Although this week’s plunge in Treasury yields indicates investors think the Fed has to do more to “save” the economy from the impact of a global economic slowdown, Bullard thinks policymakers have already taken steps to account for trade-war uncertainty and he currently forecasts one more interest rate cut this year. So just like the May-June period when the markets were telegraphing a Fed rate cut in July, it seems we’re back to the market dictating what the Fed should do with rates the rest of the year.

“U.S. monetary policy cannot reasonably react to the day-to-day give-and-take of trade negotiations,” Bullard said Tuesday in a presentation to the National Economists Club in Washington.

“We will have to see how the data rolls in between now and the meeting,” Bullard told reporters after his speech. “Sitting here today” he added, his outlook has not “changed dramatically from June” when he penciled in half a percentage point of easing by year-end.

Remember that Bullard dissented in June in favor of a 25-basis point rate cut, which the Federal Open Market Committee delivered on July 31. His decision at that time showed he was a little ahead of his colleagues. However, yesterday’s reluctance to signal the need of an additional rate cut in September combined with Fed Chair Jerome Powell’s less-dovish remarks last week suggests he is back on the same page with other central bank members in hesitating to endorse another cut at the next meeting.

“I have been one of the more dovish members of the committee, but you certainly can point to relatively strong GDP growth, relatively strong labor markets,” he said. “There is a case to be made, I think, for doing less, and that is where the push and pull is on the committee.”

Bullard also added he would “like to do more” to get inflation and inflation expectations higher.

The St. Louis Fed president also said the FOMC has already adjusted policy significantly this year in anticipation of slowing growth and trade uncertainty.

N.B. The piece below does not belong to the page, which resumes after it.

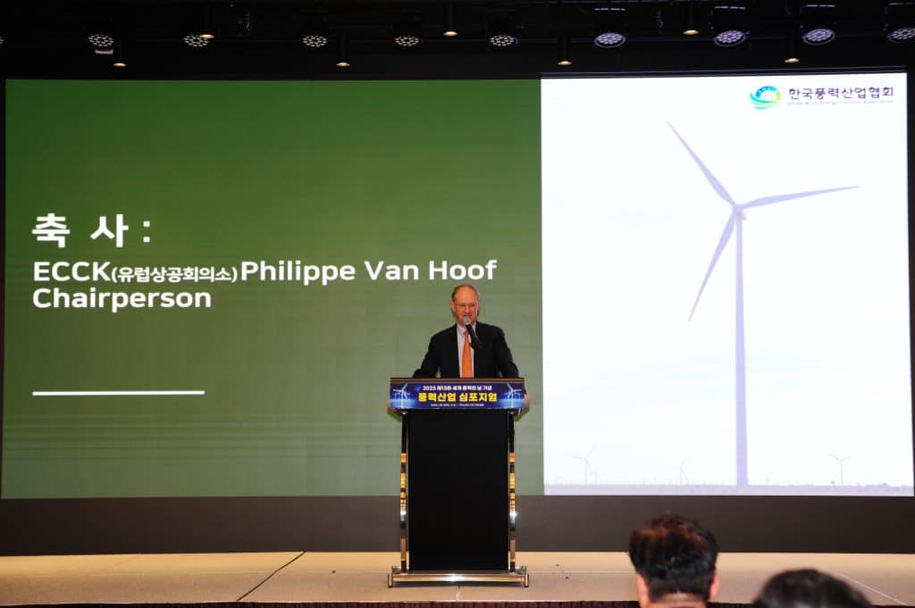 The ECCK Chairperson Philippe Van Hoof, Country Manager of ING Korea, was present and recognised the role of Korea Wind Energy Industry Association for wind power market development between Korean and European wind power industries. In his welcome speech, he also underlined the importance of consistent political support, stable regulatory framework, streamlined permitting procedures, ease of social acceptance and certainty of grid connection.

“While additional policy action may be desirable, the long and variable lags in the effects of monetary policy suggest that the effects of previous actions are only now beginning to impact macroeconomic outcomes,” Bullard said in his presentation.

He further added that policymakers may need to get accustomed to greater trade uncertainty.

“I do not expect this uncertainty to dissipate in the quarters and years ahead,” he said, adding this likely chilling business investment and feeding into slower global growth.

While Bullard seemed to be indicating that Fed policymakers need to see how the data plays out before making a decision to cut again in September, some of his comments suggest a “hope for the best, but prepare for the worst” attitude.

For example, he said, growth this year has been expected to slow from 2.5% in 2018. However, Bullard added, “a key risk has been that global trade uncertainties may cause this slowing to be sharper-than-anticipated.”

He also added, a more meaningful inversion of the yield curve continues to pose a threat, noting that such a phenomenon “has tended to predict the onset of recession in the U.S. during the postwar era.”